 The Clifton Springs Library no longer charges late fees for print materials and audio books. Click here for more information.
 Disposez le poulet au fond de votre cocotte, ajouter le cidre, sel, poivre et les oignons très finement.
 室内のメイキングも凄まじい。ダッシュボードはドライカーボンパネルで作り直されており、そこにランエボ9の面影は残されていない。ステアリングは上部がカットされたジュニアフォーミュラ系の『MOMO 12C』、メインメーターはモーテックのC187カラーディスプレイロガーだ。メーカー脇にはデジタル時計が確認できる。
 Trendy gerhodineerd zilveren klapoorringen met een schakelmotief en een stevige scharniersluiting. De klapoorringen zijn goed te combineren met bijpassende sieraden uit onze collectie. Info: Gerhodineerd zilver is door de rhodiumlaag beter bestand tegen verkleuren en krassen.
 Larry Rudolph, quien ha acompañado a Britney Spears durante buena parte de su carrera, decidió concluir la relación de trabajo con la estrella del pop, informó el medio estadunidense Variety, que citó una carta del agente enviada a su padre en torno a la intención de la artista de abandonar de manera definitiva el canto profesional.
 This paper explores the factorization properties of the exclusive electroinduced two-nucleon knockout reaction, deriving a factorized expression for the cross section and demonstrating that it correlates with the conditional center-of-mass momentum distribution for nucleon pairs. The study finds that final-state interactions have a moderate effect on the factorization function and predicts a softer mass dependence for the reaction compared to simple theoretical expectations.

_____

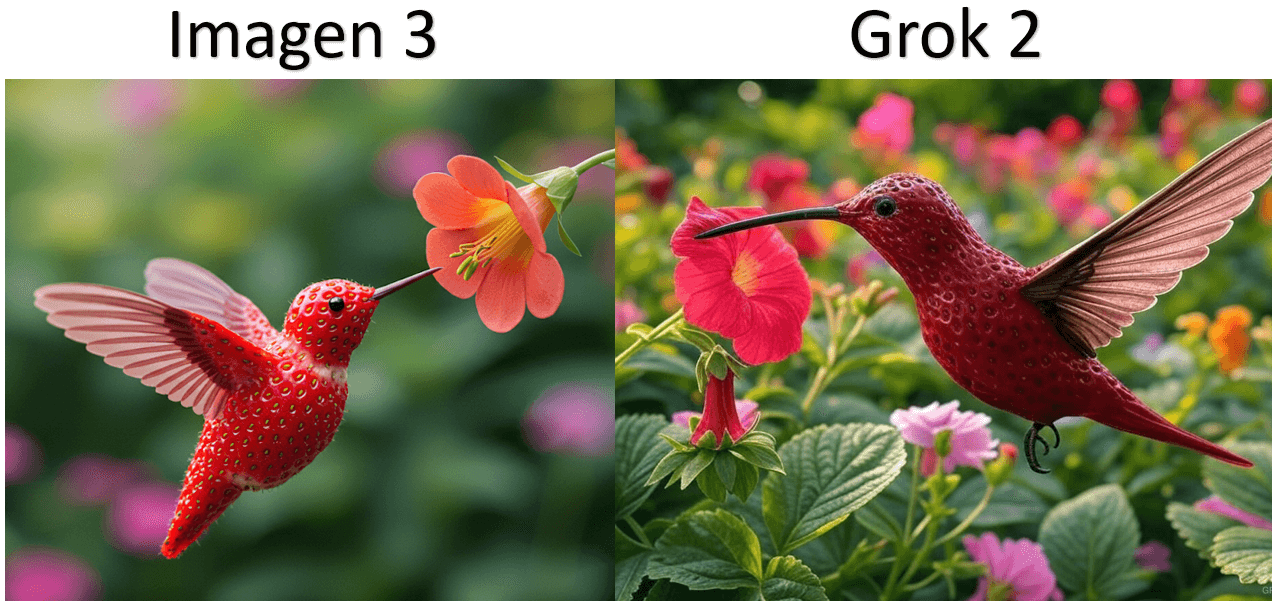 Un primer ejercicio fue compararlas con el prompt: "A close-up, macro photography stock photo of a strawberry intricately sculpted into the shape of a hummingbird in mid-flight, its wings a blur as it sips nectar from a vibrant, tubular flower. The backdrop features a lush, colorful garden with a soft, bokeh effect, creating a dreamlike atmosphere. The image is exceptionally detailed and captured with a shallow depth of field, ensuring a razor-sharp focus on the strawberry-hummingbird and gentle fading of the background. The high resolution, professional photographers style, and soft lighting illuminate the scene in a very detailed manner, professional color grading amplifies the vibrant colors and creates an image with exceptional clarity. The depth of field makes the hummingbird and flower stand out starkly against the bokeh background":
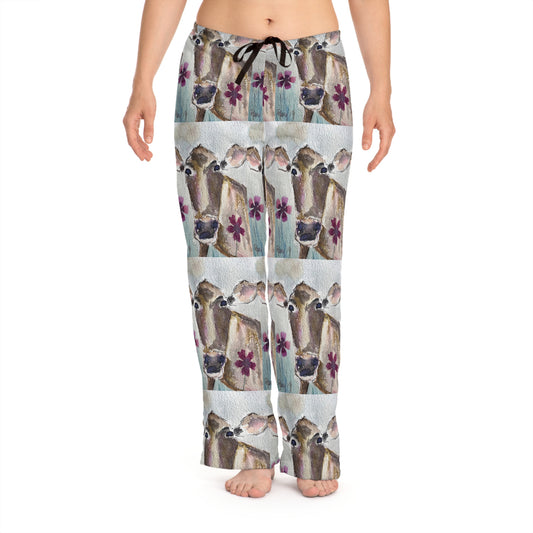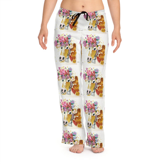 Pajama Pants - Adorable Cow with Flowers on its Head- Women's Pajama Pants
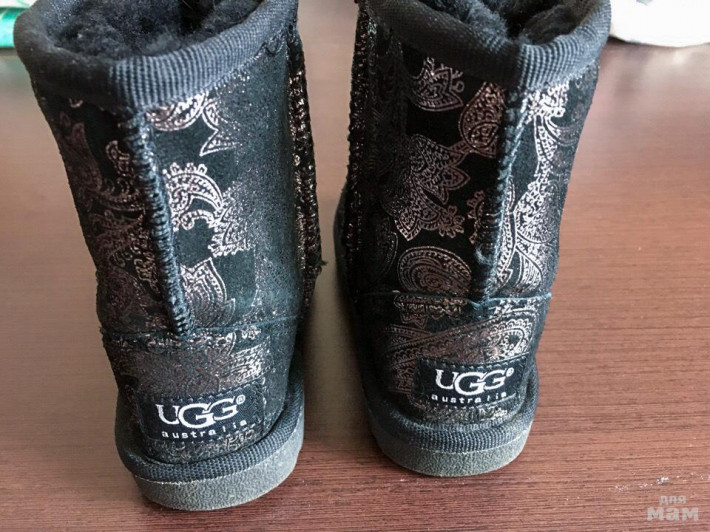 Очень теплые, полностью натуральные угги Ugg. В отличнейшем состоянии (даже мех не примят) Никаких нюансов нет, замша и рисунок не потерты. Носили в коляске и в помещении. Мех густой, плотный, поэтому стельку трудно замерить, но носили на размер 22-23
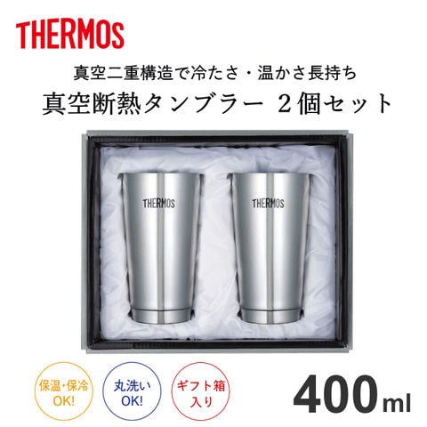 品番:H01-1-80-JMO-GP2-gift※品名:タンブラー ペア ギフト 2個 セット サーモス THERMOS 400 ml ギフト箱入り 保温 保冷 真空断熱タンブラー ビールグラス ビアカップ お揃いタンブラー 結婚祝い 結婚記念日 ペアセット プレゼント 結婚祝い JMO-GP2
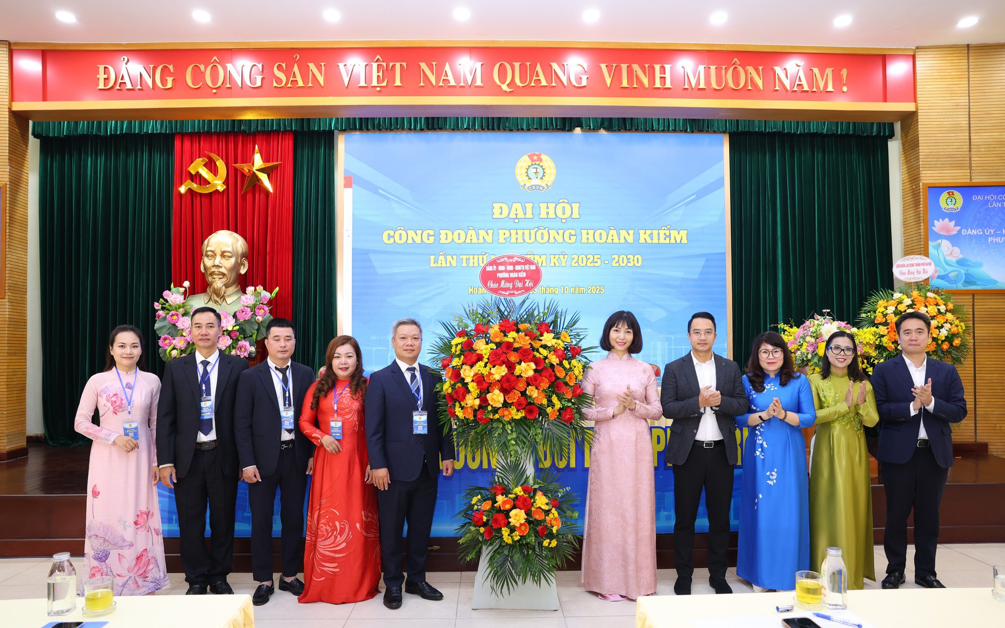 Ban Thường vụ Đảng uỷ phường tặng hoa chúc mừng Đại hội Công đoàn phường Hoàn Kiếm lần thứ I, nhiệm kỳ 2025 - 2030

_____

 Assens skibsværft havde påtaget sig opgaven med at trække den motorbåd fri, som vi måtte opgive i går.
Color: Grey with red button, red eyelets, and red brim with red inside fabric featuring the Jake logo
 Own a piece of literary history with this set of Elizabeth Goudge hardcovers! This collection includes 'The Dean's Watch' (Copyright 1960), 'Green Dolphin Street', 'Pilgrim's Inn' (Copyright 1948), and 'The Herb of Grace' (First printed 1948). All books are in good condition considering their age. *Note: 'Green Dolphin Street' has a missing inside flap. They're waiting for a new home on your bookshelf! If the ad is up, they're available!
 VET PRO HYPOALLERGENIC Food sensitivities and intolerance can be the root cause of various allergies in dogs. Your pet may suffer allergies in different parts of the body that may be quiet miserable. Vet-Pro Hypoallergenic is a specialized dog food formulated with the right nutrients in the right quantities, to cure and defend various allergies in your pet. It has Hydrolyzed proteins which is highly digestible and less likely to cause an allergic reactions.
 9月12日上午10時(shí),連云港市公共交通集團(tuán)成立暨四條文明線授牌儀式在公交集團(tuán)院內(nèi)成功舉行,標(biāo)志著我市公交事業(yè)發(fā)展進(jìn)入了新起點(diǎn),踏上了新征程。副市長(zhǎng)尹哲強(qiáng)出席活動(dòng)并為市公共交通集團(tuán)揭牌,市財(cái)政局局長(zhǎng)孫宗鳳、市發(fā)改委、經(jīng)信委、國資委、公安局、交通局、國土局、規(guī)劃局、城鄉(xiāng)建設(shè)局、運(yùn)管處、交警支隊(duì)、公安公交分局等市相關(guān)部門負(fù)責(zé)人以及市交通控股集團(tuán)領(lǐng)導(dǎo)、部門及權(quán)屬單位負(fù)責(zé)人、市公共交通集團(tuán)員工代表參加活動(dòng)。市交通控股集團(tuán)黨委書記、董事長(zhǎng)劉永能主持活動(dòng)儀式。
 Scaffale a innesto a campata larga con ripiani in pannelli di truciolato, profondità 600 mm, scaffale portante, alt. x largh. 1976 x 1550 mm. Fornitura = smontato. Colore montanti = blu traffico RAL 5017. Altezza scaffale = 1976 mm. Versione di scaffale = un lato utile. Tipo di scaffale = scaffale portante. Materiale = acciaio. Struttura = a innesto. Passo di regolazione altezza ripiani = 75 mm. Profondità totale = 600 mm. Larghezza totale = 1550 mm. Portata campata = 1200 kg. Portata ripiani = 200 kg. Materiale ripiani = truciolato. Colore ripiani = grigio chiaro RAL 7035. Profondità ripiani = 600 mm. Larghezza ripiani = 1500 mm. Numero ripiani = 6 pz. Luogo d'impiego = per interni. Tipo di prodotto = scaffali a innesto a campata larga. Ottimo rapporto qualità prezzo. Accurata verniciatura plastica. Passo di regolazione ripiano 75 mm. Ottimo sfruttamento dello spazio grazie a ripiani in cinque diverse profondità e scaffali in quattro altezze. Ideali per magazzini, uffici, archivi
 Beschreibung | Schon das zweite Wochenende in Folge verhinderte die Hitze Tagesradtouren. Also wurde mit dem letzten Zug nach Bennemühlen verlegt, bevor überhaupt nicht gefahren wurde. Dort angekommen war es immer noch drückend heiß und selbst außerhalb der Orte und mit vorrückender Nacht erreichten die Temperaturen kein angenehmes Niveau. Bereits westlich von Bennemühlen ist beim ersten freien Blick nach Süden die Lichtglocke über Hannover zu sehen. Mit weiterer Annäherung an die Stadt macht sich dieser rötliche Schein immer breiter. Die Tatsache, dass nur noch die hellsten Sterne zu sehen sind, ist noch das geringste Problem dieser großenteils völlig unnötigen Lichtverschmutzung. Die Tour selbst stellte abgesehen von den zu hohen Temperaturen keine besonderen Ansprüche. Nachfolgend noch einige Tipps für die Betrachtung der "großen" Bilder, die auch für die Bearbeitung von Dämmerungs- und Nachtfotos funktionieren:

_____

◆ Work order ◆
What is needed is a verbatim copy of every line in the records above from the one containing "The Clifton Springs" down to the one containing "Larry Rudolph, quien", both included, and nothing more.

◆ Your solution ◆
 The Clifton Springs Library no longer charges late fees for print materials and audio books. Click here for more information.
 Disposez le poulet au fond de votre cocotte, ajouter le cidre, sel, poivre et les oignons très finement.
 室内のメイキングも凄まじい。ダッシュボードはドライカーボンパネルで作り直されており、そこにランエボ9の面影は残されていない。ステアリングは上部がカットされたジュニアフォーミュラ系の『MOMO 12C』、メインメーターはモーテックのC187カラーディスプレイロガーだ。メーカー脇にはデジタル時計が確認できる。
 Trendy gerhodineerd zilveren klapoorringen met een schakelmotief en een stevige scharniersluiting. De klapoorringen zijn goed te combineren met bijpassende sieraden uit onze collectie. Info: Gerhodineerd zilver is door de rhodiumlaag beter bestand tegen verkleuren en krassen.
 Larry Rudolph, quien ha acompañado a Britney Spears durante buena parte de su carrera, decidió concluir la relación de trabajo con la estrella del pop, informó el medio estadunidense Variety, que citó una carta del agente enviada a su padre en torno a la intención de la artista de abandonar de manera definitiva el canto profesional.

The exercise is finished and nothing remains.